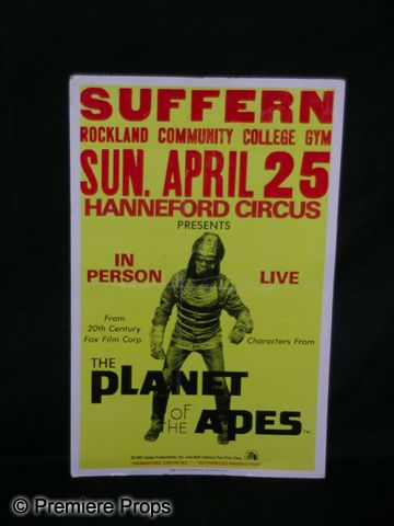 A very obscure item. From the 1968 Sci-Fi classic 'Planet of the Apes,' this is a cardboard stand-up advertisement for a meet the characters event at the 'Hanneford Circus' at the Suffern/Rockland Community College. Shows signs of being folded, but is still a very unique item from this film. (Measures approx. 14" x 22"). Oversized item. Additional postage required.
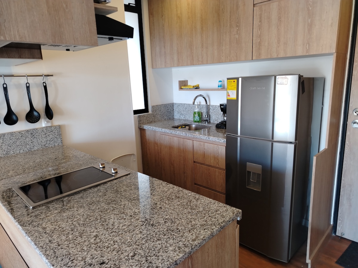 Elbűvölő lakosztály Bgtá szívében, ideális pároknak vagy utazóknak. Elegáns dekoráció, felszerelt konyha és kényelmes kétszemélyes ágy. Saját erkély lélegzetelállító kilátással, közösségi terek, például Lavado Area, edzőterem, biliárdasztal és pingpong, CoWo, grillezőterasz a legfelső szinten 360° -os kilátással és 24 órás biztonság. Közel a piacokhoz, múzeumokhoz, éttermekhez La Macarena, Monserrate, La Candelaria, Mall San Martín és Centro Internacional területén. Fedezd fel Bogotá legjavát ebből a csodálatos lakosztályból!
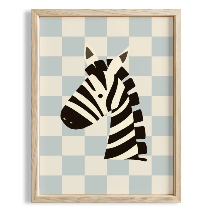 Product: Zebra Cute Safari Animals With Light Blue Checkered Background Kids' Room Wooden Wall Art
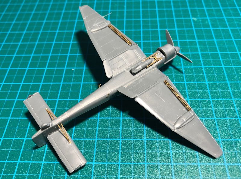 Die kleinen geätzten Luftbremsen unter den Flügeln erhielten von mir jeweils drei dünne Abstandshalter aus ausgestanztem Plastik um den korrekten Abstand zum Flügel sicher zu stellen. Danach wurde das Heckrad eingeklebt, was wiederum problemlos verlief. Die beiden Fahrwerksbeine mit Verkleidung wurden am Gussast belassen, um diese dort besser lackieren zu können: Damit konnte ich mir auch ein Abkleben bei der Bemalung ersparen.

- Assignment:
Retype the data above exactly, dropping every picture.

- Result of this exercise:
 A very obscure item. From the 1968 Sci-Fi classic 'Planet of the Apes,' this is a cardboard stand-up advertisement for a meet the characters event at the 'Hanneford Circus' at the Suffern/Rockland Community College. Shows signs of being folded, but is still a very unique item from this film. (Measures approx. 14" x 22"). Oversized item. Additional postage required.
 Elbűvölő lakosztály Bgtá szívében, ideális pároknak vagy utazóknak. Elegáns dekoráció, felszerelt konyha és kényelmes kétszemélyes ágy. Saját erkély lélegzetelállító kilátással, közösségi terek, például Lavado Area, edzőterem, biliárdasztal és pingpong, CoWo, grillezőterasz a legfelső szinten 360° -os kilátással és 24 órás biztonság. Közel a piacokhoz, múzeumokhoz, éttermekhez La Macarena, Monserrate, La Candelaria, Mall San Martín és Centro Internacional területén. Fedezd fel Bogotá legjavát ebből a csodálatos lakosztályból!
 Product: Zebra Cute Safari Animals With Light Blue Checkered Background Kids' Room Wooden Wall Art
 Die kleinen geätzten Luftbremsen unter den Flügeln erhielten von mir jeweils drei dünne Abstandshalter aus ausgestanztem Plastik um den korrekten Abstand zum Flügel sicher zu stellen. Danach wurde das Heckrad eingeklebt, was wiederum problemlos verlief. Die beiden Fahrwerksbeine mit Verkleidung wurden am Gussast belassen, um diese dort besser lackieren zu können: Damit konnte ich mir auch ein Abkleben bei der Bemalung ersparen.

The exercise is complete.